Campaign renewed after jailed Qatari poet in solitary confinement loses appeal
Campaigners have renewed their fight to end the detention of a Qatari poet, after his appeal against a 15-year sentence was turned down last month. Muhammad ibn al-Dheeb al-Ajami’s jail term for “criticising the ruler” and “inciting the overthrow of the ruling system” was upheld on 21 October. He remains in solitary confinement in Doha Central prison.
According to human rights and freedom of speech campaigners PEN International, Ajami was a literature student at Cairo University in 2010 when he recited a poem in his apartment among friends, in which he criticized the former emir, Sheikh Hamad al Thani. The poem was in response to a poem by a fellow poet, but one of the students in the apartment recorded Ajami and uploaded the reading on YouTube. According to Ajami’s lawyer Dr Najeeb al-Nauimi, a former justice minister in Qatar, the poem was spoken in a private setting and thus violated no law. Another of Ajami’s poems - ‘Tunisian Jasmine - which expressed support for the 2011 uprising in Tunisia and criticised other Arab governments was circulated on the internet.

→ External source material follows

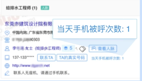 可以了解客户当天被其他材料企业联系的频次,若客户当天被频繁联系,可选择更合适的时间再进行联系,以此降低挂断率。另外,当某供应商的销售人员被同一项目联系人多次快速挂断时,系统会在特定时间内自动阻止该公司与该联系人的联系,进而切实保障其他公司联系该项目时的通话质量。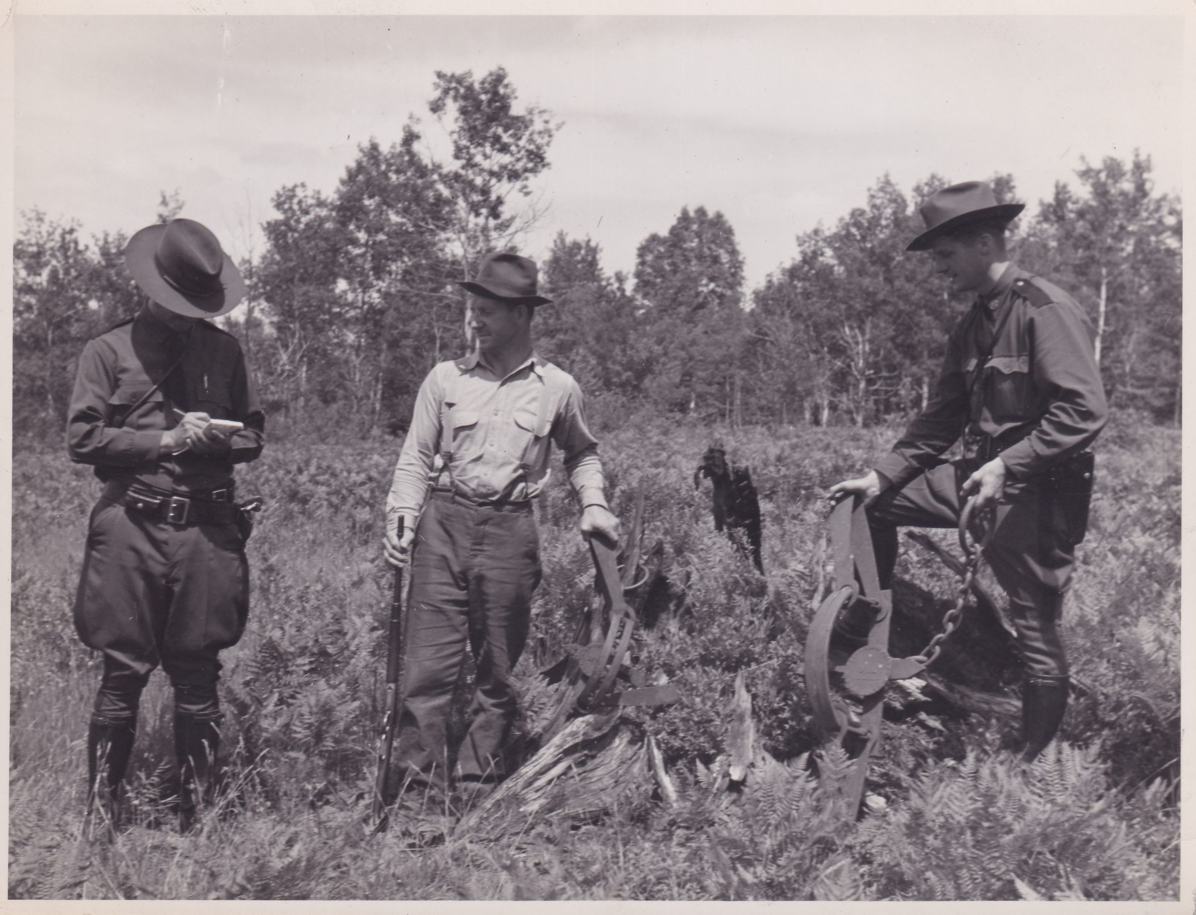 Black-and-White photograph of two men in game warden uniforms standing with a man with a hunting rifle. The man and one of the wardens are holding animal traps. The other warden appears to be writing notes or a ticket.

Ajami was sentenced to life in November 2012 on charges of “inciting the overthrow of the ruling system” and “criticising the [then] emir and the crown prince [now emir]” in his poetry. Earlier this year his sentence was reduced to 15 years. Following the court’s latest ruling, his only legal hope is to be pardoned by the emir.
PEN International says Ajami was arrested on 16 November 2011, after responding to a summons, and was detained incommunicado for several months. His trial was repeatedly postponed. Ajami has been held in solitary confinement since his arrest. You can find details on how to support the campaign to free Ajami here
PHOTOGRAPH: ENGLISH PEN
M.C. Newberry
Sat 16th Nov 2013 11:43
The recitation seems some way removed from
public incitement to disaffection and hatred,
even less when any wider distribution via
Youtube was NOT the action of its author.
How tragic that a country can be ruled and the
law enforced by those so fearful of poetry spoken
in private.
These same souls would no doubt insist on being
thought civilised and treated as such by more
advanced nations. They should be ashamed.